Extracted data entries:
↓
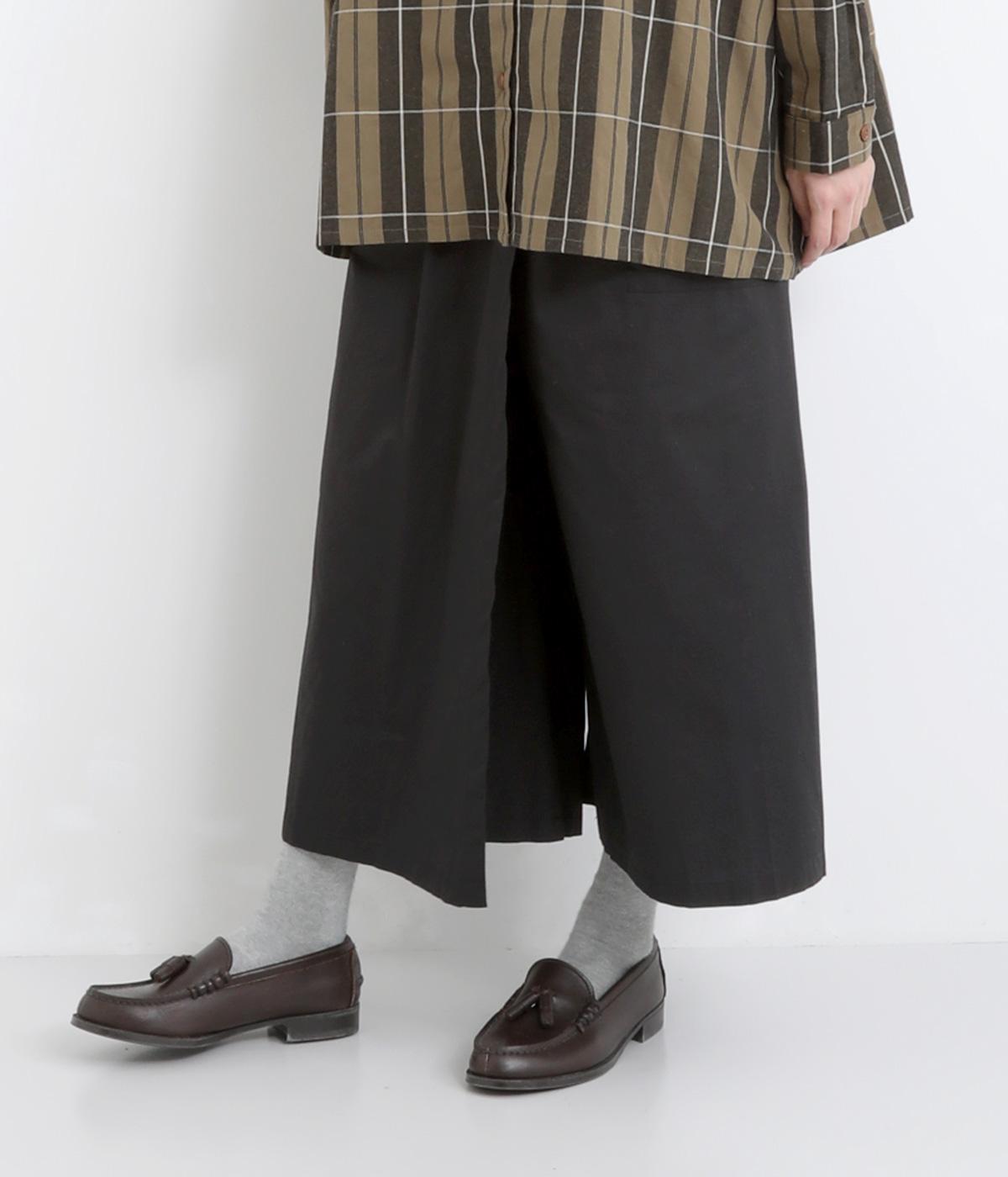 ラップスカートのように重ねた生地が個性的な雰囲気を醸すパンツです。存在感がありながらも、さらりと軽やかな穿き心地で、ロングシーズン着用できます。ウエストゴム仕様でフィット感も抜群です。
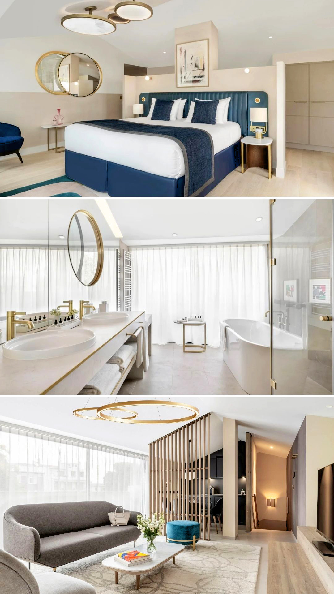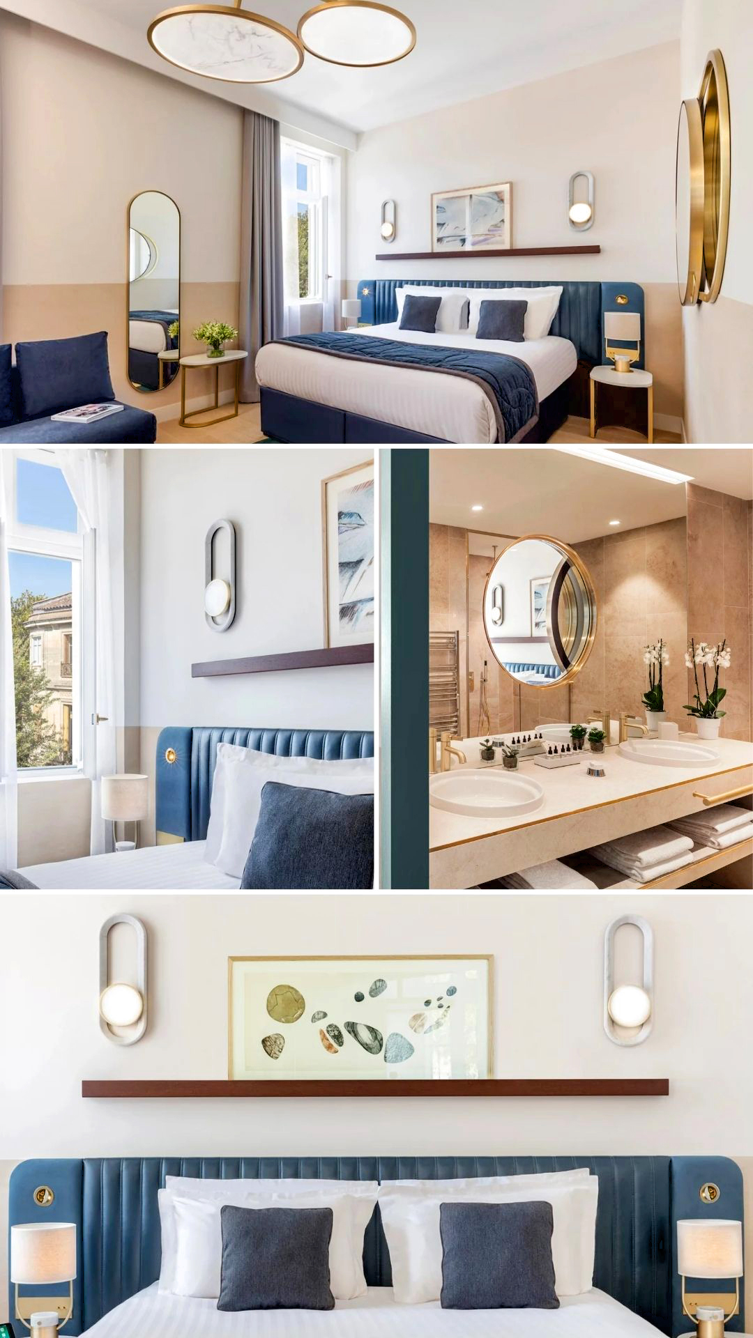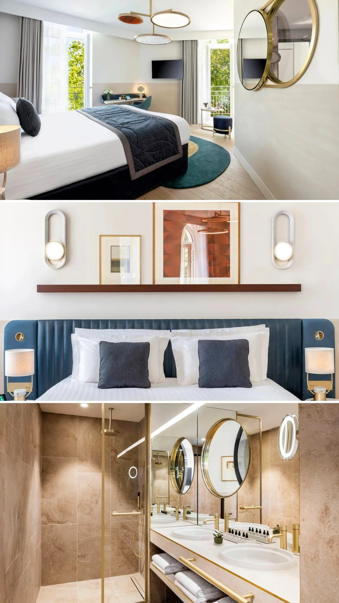 Selon la chambre choisie, vous bénéficiez des équipements suivants : literie king size, machine à café Nespresso, salle de bain avec douche à l'italienne et/ou baignoire, produits d’accueil de chez Codage, climatisation, coffre-fort, Smart TV, balcon, terrasse et vue sur jardin. On a un faible pour le miroir-hublot amovible dans la salle de bain.
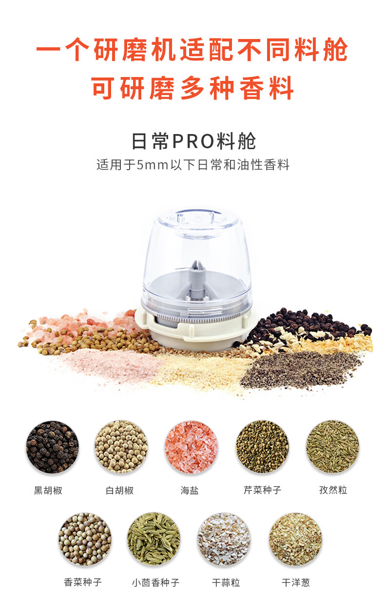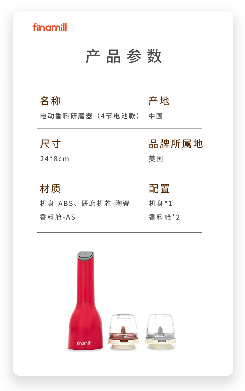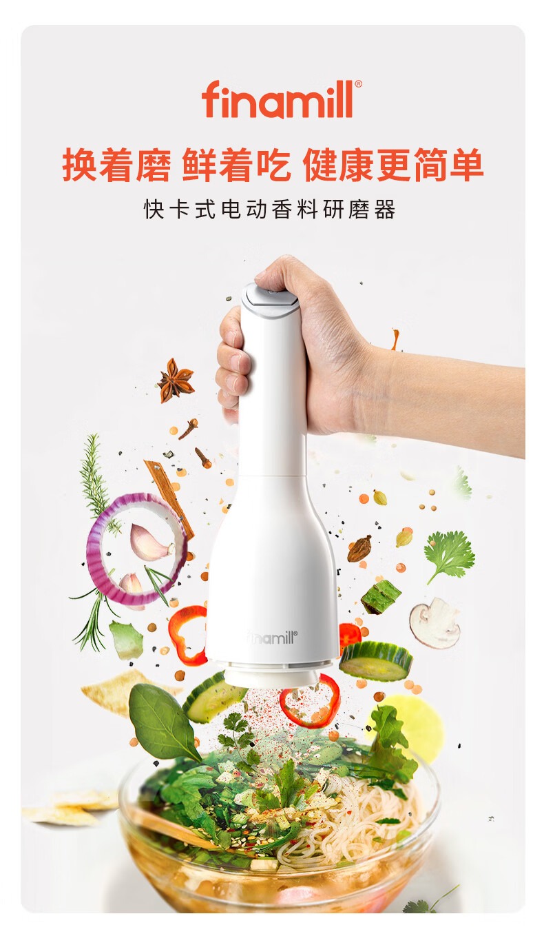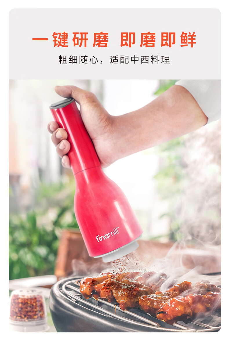 FINAMILL奥普拉好物电动香料研磨机厨房家用高端调料研磨器节日乔迁送礼 电池款极光白【1机+2舱】
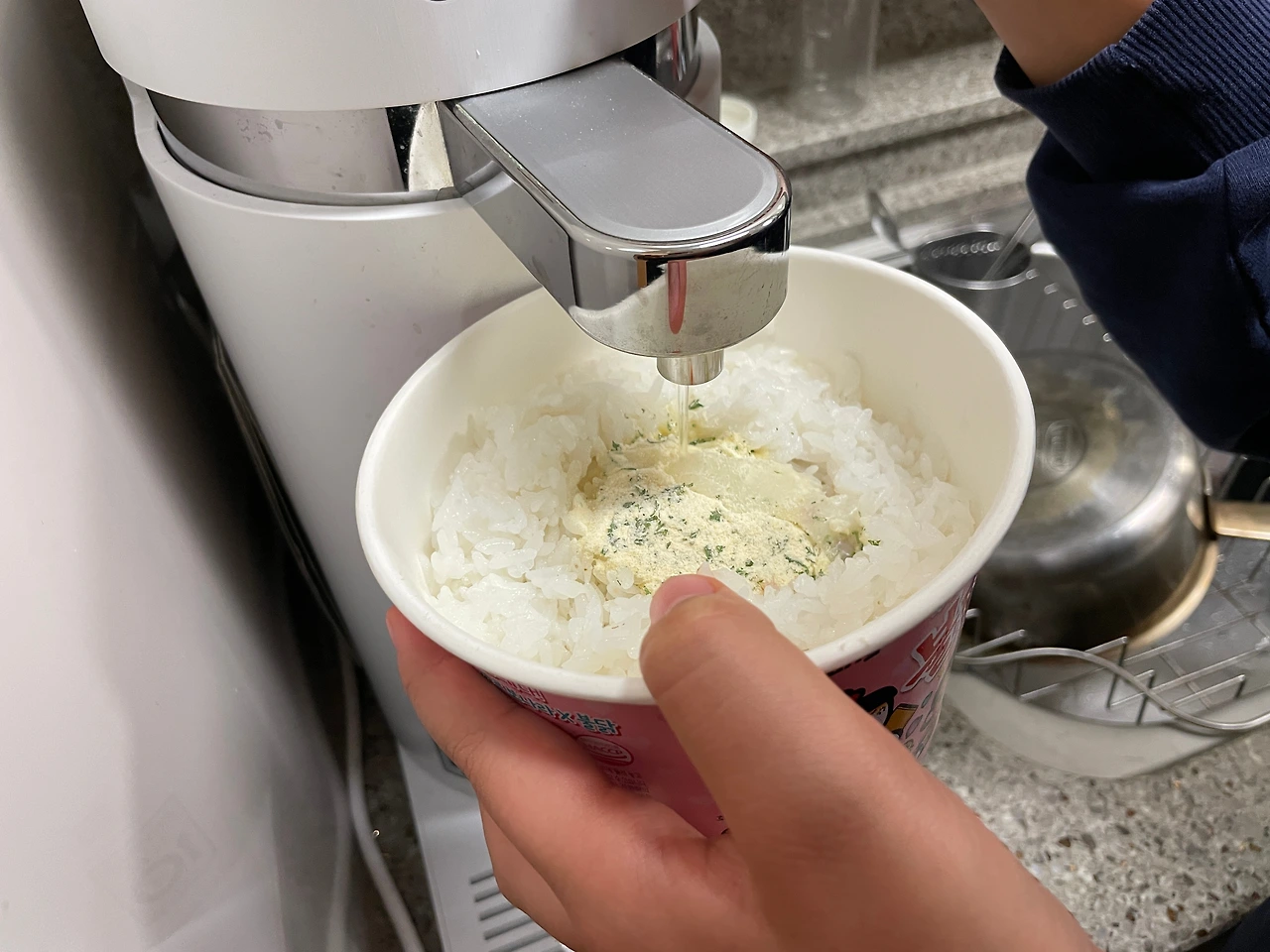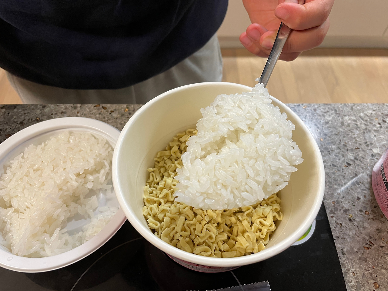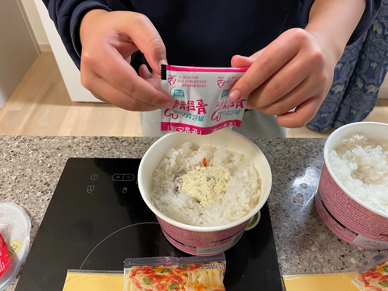 ② 잘게 부순 면 위에, 햇반을 하나 넣는다.
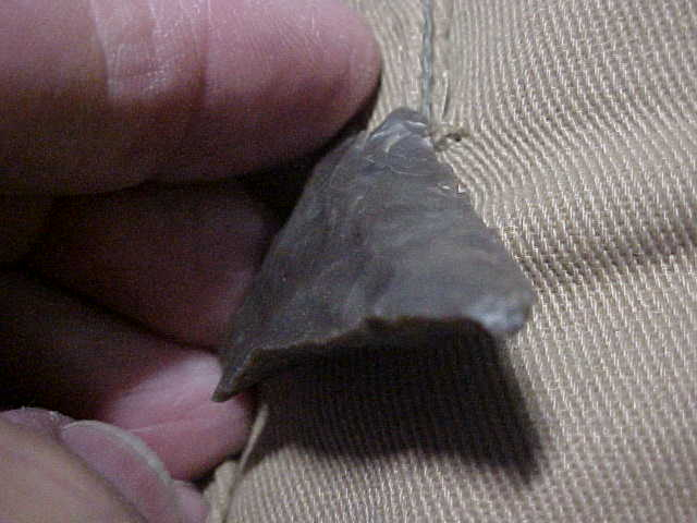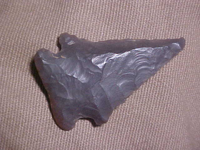 A "Tweener', elements of Lost Lake (steep bevels and extremely heavy basal edge grinding) and Hardin (very short base, barbs-to-basal corners, and barbs that are parallel to the basal corners, not 45o down-cast barbs. The pressure chipping (VERY high end workmanship) is clearly Early Archaic, 7500BO knapping. We can debate the 'classification' to slot the Spencer County, Indiana, point, but patination of the glossy hornstone is unmistakable--lifetime (mine) guaranteed authentic. Length is 1&13/16", and may have reached 1&7/8" if not for a tiny flat spot on the very tip. Width is 1&3/16", with 5/16" thickness. The thickness is very proportional, and indicates (as does the beveling) that the blade was considerably longer as first made. Nice point, real. Shipping is $8.00, checks or M.O.s are welcomed. Sorry, I do not use paypal or other payment services--Roy A.
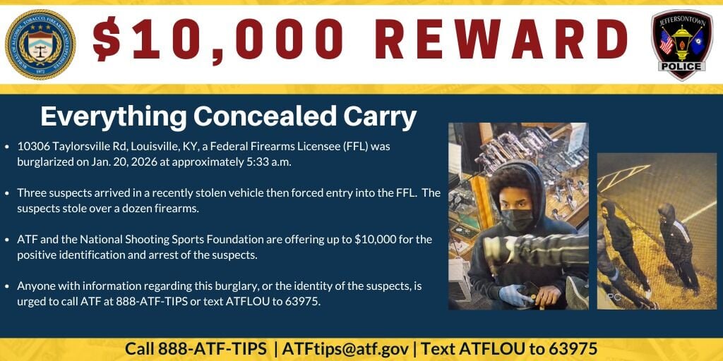 According to a news release, on Jan. 20, just after 5:30 a.m., three suspects broke into Everything Concealed Carry (ECC), which is a Federal Firearms Licensee (FFL), located at 10306 Taylorsville Road in Louisville.
↑
Starting at the line that contains "Selon la chambre", return every line through the end of the records above exactly as written, and return no pictures.

 Selon la chambre choisie, vous bénéficiez des équipements suivants : literie king size, machine à café Nespresso, salle de bain avec douche à l'italienne et/ou baignoire, produits d’accueil de chez Codage, climatisation, coffre-fort, Smart TV, balcon, terrasse et vue sur jardin. On a un faible pour le miroir-hublot amovible dans la salle de bain.
 FINAMILL奥普拉好物电动香料研磨机厨房家用高端调料研磨器节日乔迁送礼 电池款极光白【1机+2舱】
 ② 잘게 부순 면 위에, 햇반을 하나 넣는다.
 A "Tweener', elements of Lost Lake (steep bevels and extremely heavy basal edge grinding) and Hardin (very short base, barbs-to-basal corners, and barbs that are parallel to the basal corners, not 45o down-cast barbs. The pressure chipping (VERY high end workmanship) is clearly Early Archaic, 7500BO knapping. We can debate the 'classification' to slot the Spencer County, Indiana, point, but patination of the glossy hornstone is unmistakable--lifetime (mine) guaranteed authentic. Length is 1&13/16", and may have reached 1&7/8" if not for a tiny flat spot on the very tip. Width is 1&3/16", with 5/16" thickness. The thickness is very proportional, and indicates (as does the beveling) that the blade was considerably longer as first made. Nice point, real. Shipping is $8.00, checks or M.O.s are welcomed. Sorry, I do not use paypal or other payment services--Roy A.
 According to a news release, on Jan. 20, just after 5:30 a.m., three suspects broke into Everything Concealed Carry (ECC), which is a Federal Firearms Licensee (FFL), located at 10306 Taylorsville Road in Louisville.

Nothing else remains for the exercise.